REQUIRED ACTION:
Search the listing below for the string "pads" and copy every line where it occurs.

★ ★ ★ ★ ★ ★ ★

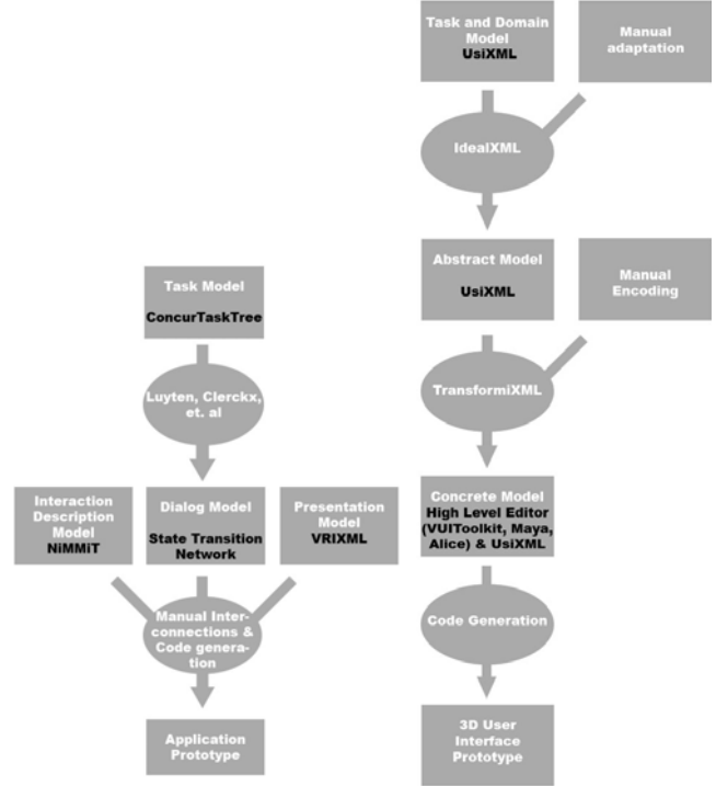
Figure 2: CoGenIVE and Veggie approaches

Once the Task Model is created it will be converted to a Dialog Model, denoted as a State Transition Network (STN). The STN is based upon Enabled Task Sets (ETS), which can be automatically generated from the CTT by means of the algorithm described by Luyten et al. [9]. Each ETS consists in the tasks that can be executed in a specific application state. Since we are developing Interactive Virtual Environments , we will only elaborate on the interaction tasks within the application. A possible example of such a task is object selection. In a typical form-based desktop application, selecting an item is a straightforward task in which the user selects an entry from a list. In an IVE however, this task becomes more complex because of the wide variety of selection metaphors (e.g. touch selection, ray selection, go-go selection).
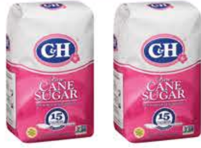
C&H Pure Cane Sugar Granulated White 4-lbs.
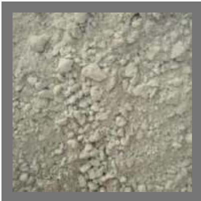
Monolithic Castable Refractory
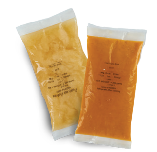
Custom Culinary<sup>®</sup> Gold Label Frozen Ready-To-Use Portion Pack Asian Broths
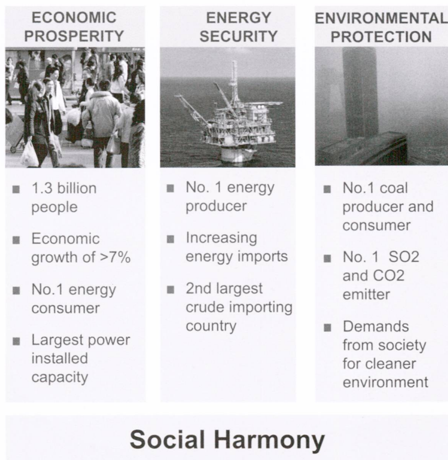
Fig. 1: The strategic drivers for China policy makers.

2012, Shell published its Onshore Oil and Gas Operating Principles. The company is making all of Shell's operated onshore projects where hydraulic fracturing is used to produce gas and oil from tight sandstone or shale, consistent with these principles and with local rules and regulations. The reason for making these public was in response to concern around the development of unconventional resources, especially with regard to the practice of hydraulic fracturing. It creates transparency as the public today demands and allows Shell to share «how we do our business». It also demonstrates confidence, which is based on 60 years of onshore operational experience, including the use of hydraulic fracturing, and underpins how the company works today and how it aspires to improve. The operating princi-
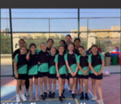
U11's first netball games - coming out with 2 wins!
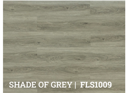
SHADE OF GREY | FLS1009
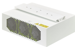
Fixation to ceiling or wall
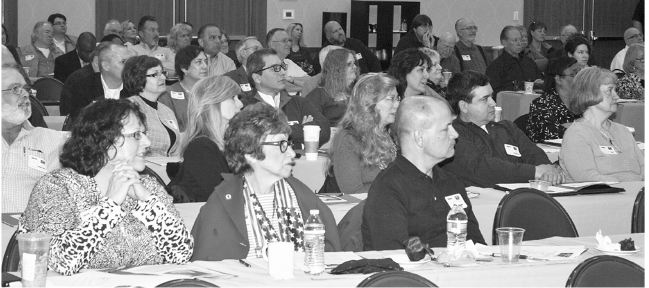
THE CROWD OF OFFICIALS at the Naperville education district meeting

TOI Associate Director / Education Coordinator
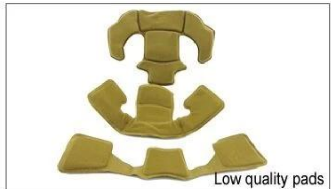
Low quality pads

There are different kinds of inner pads for your choice.

★ ★ ★ ★ ★ ★ ★

YOUR SOLUTION:
Low quality pads
There are different kinds of inner pads for your choice.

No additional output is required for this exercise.